CPMI está perto de descobrir quem bancou o golpe de 8 de Janeiro
Mark Felt, o ex-número 2 do FBI, nunca disse “siga o dinheiro” (“follow the money”) ao jornalista Bob Woodward, do Washington Post, que cobria o “caso Watergate”. Mas “seguir o dinheiro” é, por regra, a melhor forma de investigar fraudes financeiras e escândalos de corrupção. Daí que William Goldman, o roteirista de Todos os Homens do Presidente, recorreu à licença narrativa para atribuir a frase-exortação a Felt – o que se ajustou bem ao grande filme de Alan J. Pakula.
Os membros da Comissão Parlamentar Mista de Inquérito (CPMI) do 8 de janeiro – que investigam o fracassado “Bolsonarogate” – têm levado a recomendação à risca. Passados mais de seis meses da invasão e depredação de sedes dos Três Poderes, o STF (Supremo Tribunal Federal) já abriu processos penais contra 1.290 acusados de participação nos atos. Em meio a esses réus, 253 ainda estão presos. Mas quem financiou uma tentativa de golpe nessas proporções?
Qualquer fonte (anônima ou pública) será bem-vinda à CPMI. Mas, antes que apareça uma versão brasileira de Mark Felt – um “Garganta Profunda” tupiniquim –, a boa notícia é que os parlamentares responsáveis pela comissão estão perto de descobrir quem bancou o 8j.
Relatórios entregues pela Abin (Agência Brasileira de Inteligência) à CPMI revelam que 12 empresas transportadoras, proprietárias de caminhões e/ou associadas ao garimpo ilegal estão no centro do financiamento ao golpe. Ao menos 272 caminhões entraram em Brasília entre o começo de novembro e 8 de janeiro para dar sustentação aos golpistas. Cerca de 65% da frota era nova ou seminova e pertencia a empresas. Por isso, a Abin sugere que caminhoneiros autônomos eram minoritários nesse bando.
Um CNPJ, o da Sipal Indústria e Comércio, de Paranaguá (PR), é o que responde por mais veículos – dez ao todo. E um CPF, o do empresário, Alexandro Lermen, vem em seguida, com sete caminhões. Os dois tiveram as contas bloqueadas.
Empresas que apoiam o garimpo ilegal aparecem igualmente com destaque no relatório. Segundo a Abin, “essas conexões evidenciam o vínculo entre a prática de ilícitos ambientais e a atuação de grupos extremistas contrários à eleição para a Presidência da República em 2022, além de permitirem identificar redes de práticas delituosas abrangendo diversas atividades, atores e verbas oriundas da exploração ilegal de recursos naturais”

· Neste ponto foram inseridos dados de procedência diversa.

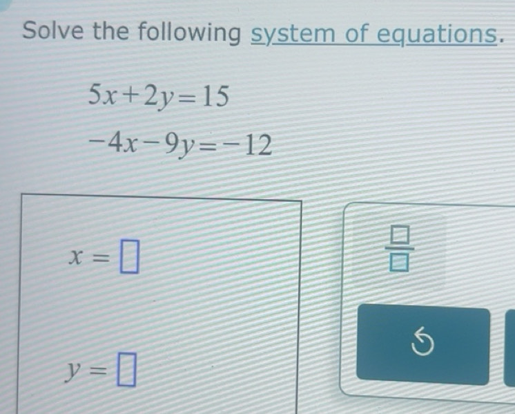 Solved: Solve the following system of equations. 5x+2y=15 -4x-9y=-12 x ...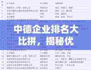 随着全球化的发展,中德两国在经贸领域的合作日益紧密,在众多合作企业中,一些表现突出的公司脱颖而出,成为了行业的佼佼者,本文将根据中德两国公司的表现,列举出其中的优秀公司并对其进行排名分析。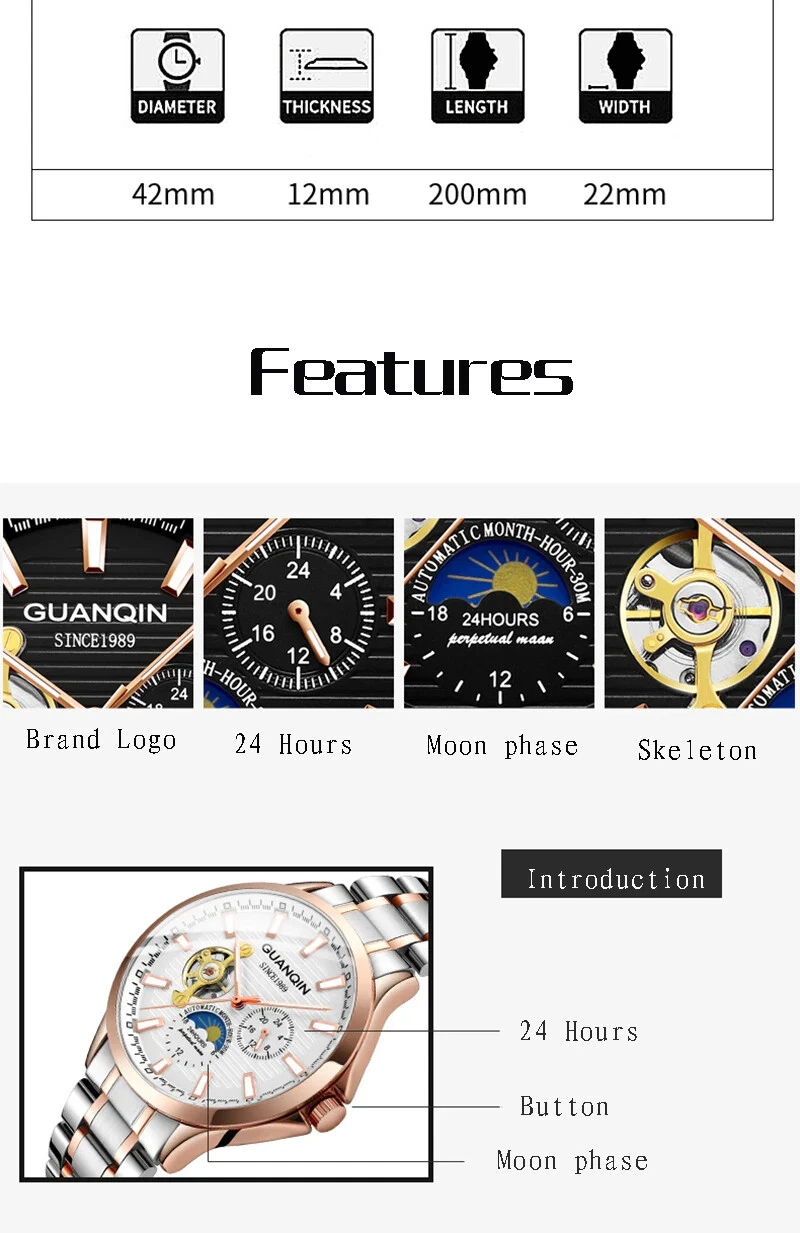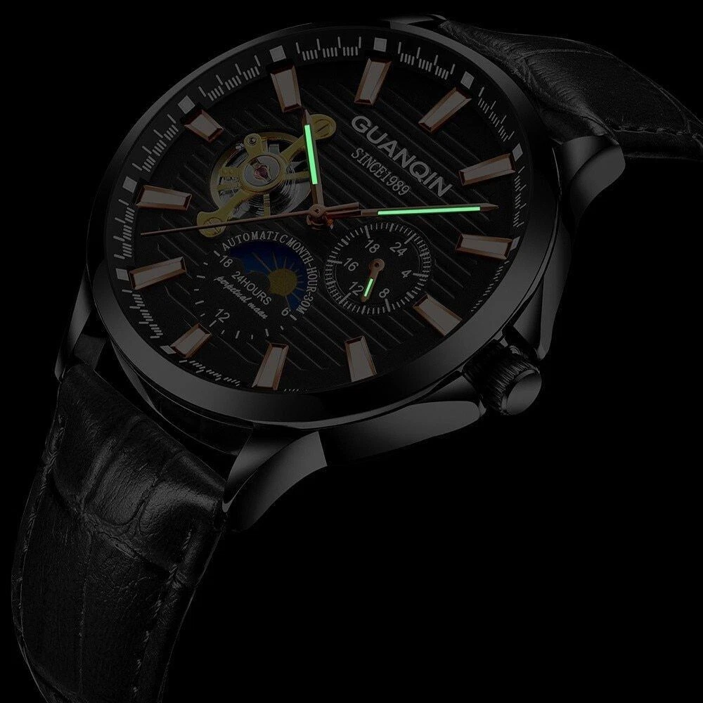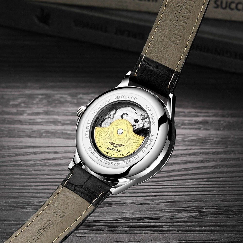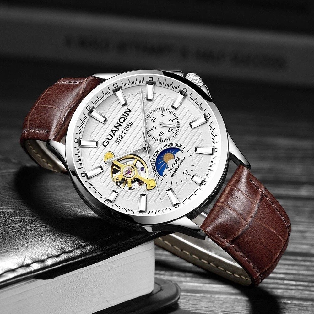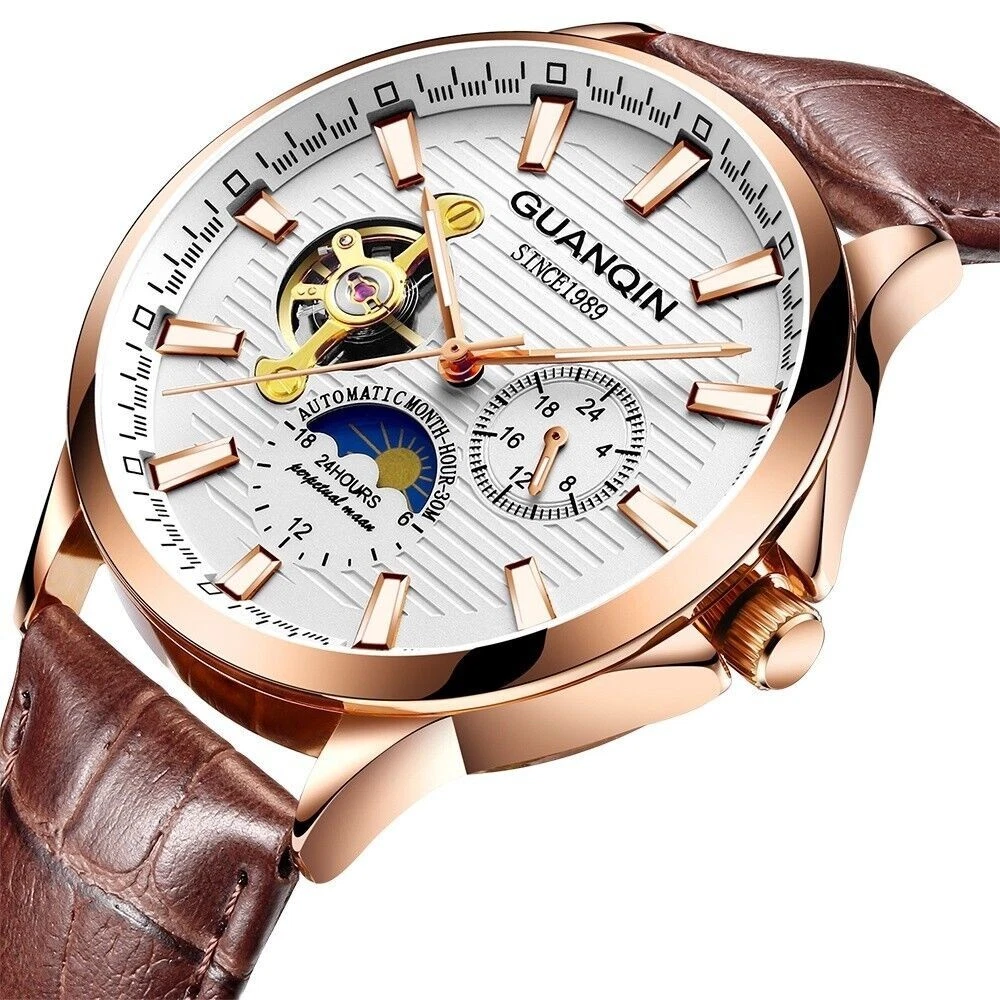 Automatic Mechanical GUANQIN Moon Phase Month Hour Sapphire Crystal White & Gold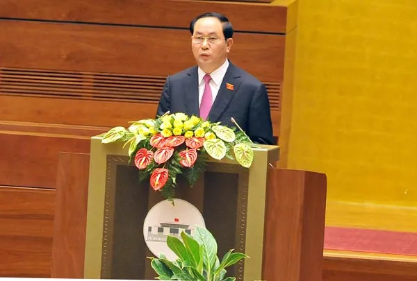 Phát biểu sau khi tuyên thệ, Chủ tịch nước Trần Đại Quang trân trọng cảm ơn Quốc hội đã tín nhiệm bầu ông giữ chức vụ Chủ tịch nước.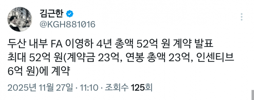 [오피셜] 이영하 두산 잔류 4년 52억(보장 46억)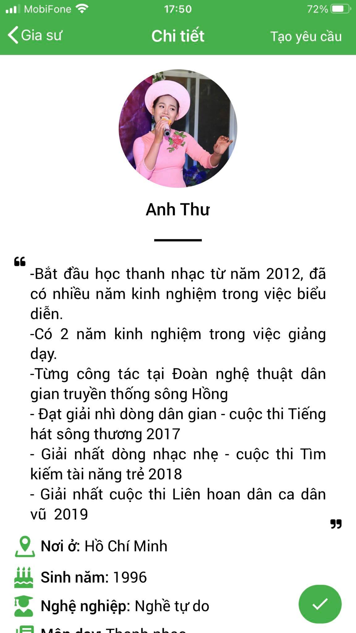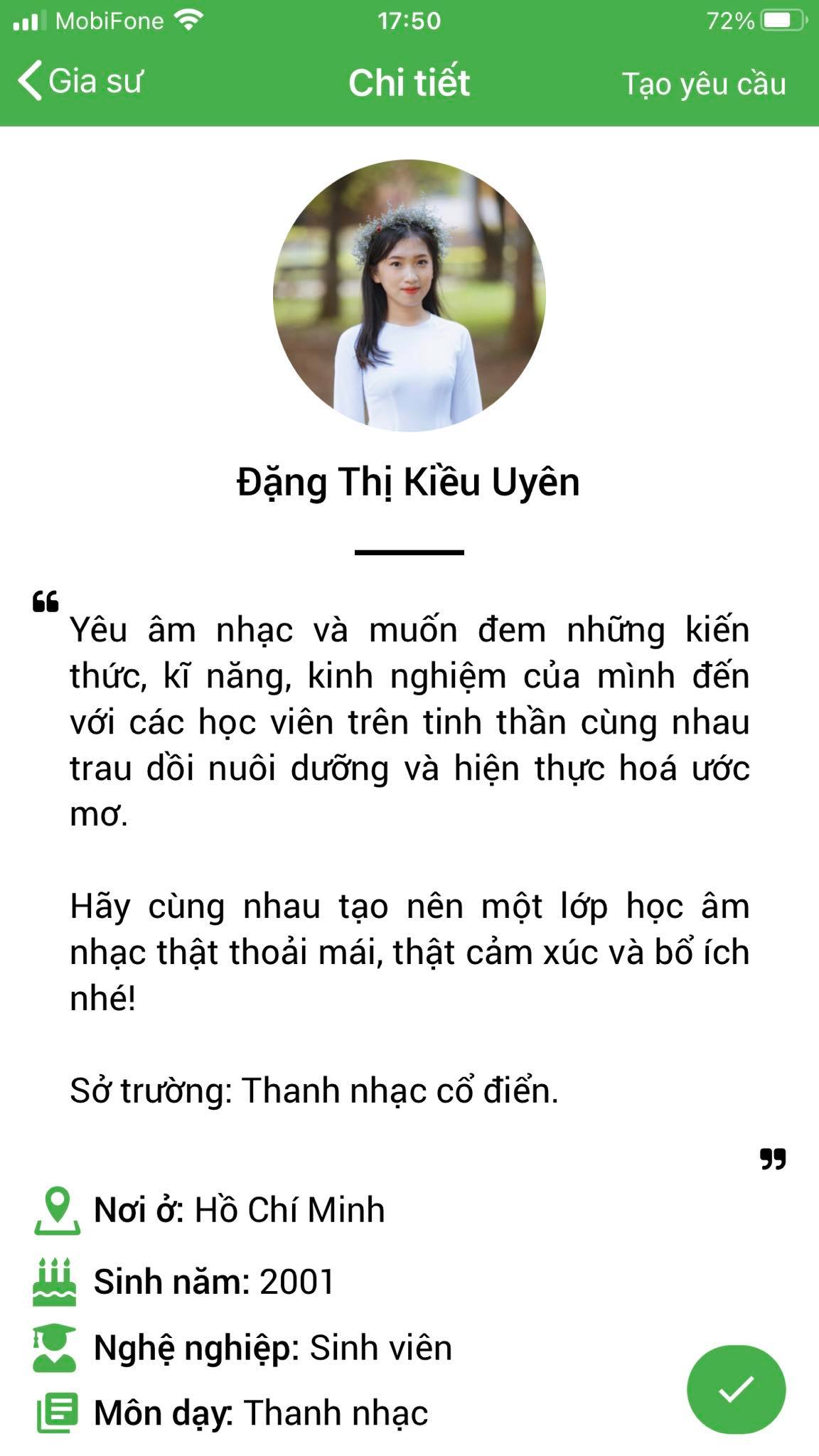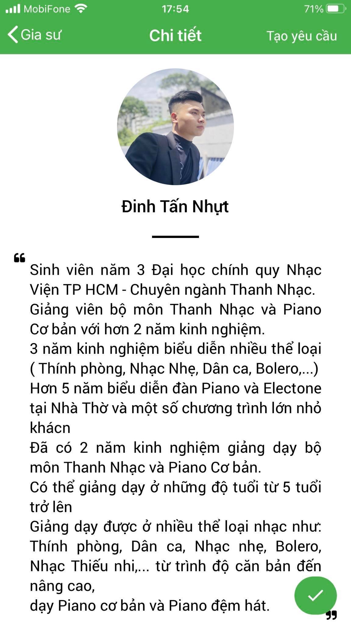 Mình là Nhàn gvien dạy guitar, mình thường xuyên nhận lớp tại ứng dụng daykemtainha.vn, do mình dạy nhiều nên không có thời gian qua trung tâm, mình chỉ qua 2 lần tại quận 8 phạm thế hiển còn những lần sau đa số mình nhận lớp qua chuyển khoản, nhận lớp tiện lợi, lớp có trục trặc từ phụ huynh mình đều được chị My chuyển khoản lại. mình nhận lớp ở đây rất an tâm.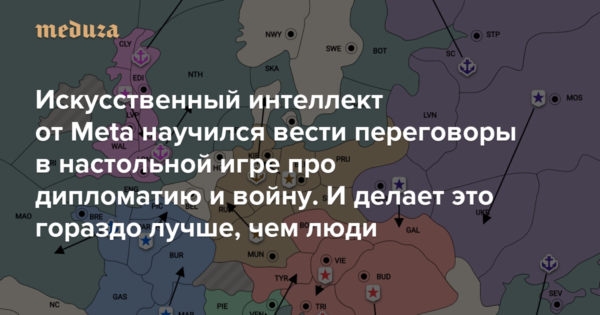 22 ноября компания Meta, владеющая Facebook и Instagram, представила алгоритм искусственного интеллекта (ИИ) Cicero, который обыгрывает живых людей в настольную игру «Дипломатия». В отличие от большинства подобных алгоритмов, разработка Meta не просто знает правила игры и умеет им следовать, но еще и может вести переговоры как реальный человек — и даже лучше. «Медуза» рассказывает, как устроен Cicero и для чего его могут применить в будущем.

Ainda conforme a agência, “em 6 e 7 de setembro de 2021, a maioria dos caminhões utilizados na invasão da Esplanada pertenciam a empresas agrícolas do ramo de transportes, sendo reduzida a participação de caminhoneiros autônomos. O mesmo pode ser dito dos caminhões enviados em comboio à Brasília a partir de 4 de novembro de 2022”.
Ao todo, a Abin fez 11 relatórios sobre atos golpistas desde o final das eleições presidenciais de 2022, nas quais Luiz Inácio Lula da Silva (PT) derrotou, em segundo turno, Jair Bolsonaro, que buscava a reeleição. Um desses relatórios aponta para o apoio financeiro mais longevo (desde 2020) do Movimento Verde e Amarelo, ligado a produtores de soja.
Outro documento diz que, a partir de 4 de janeiro, 3.875 bolsonaristas foram a Brasília em 103 ônibus fretados. Há 83 financiadores individuais e 13 entidades que ajudaram a bancar as despesas de transporte. Com a ajuda da Abin, a CPMI do 8 de janeiro “seguiu o dinheiro”. Os bolsonaristas que tanto pediram uma comissão como esta no Congresso terão muito que se arrepender.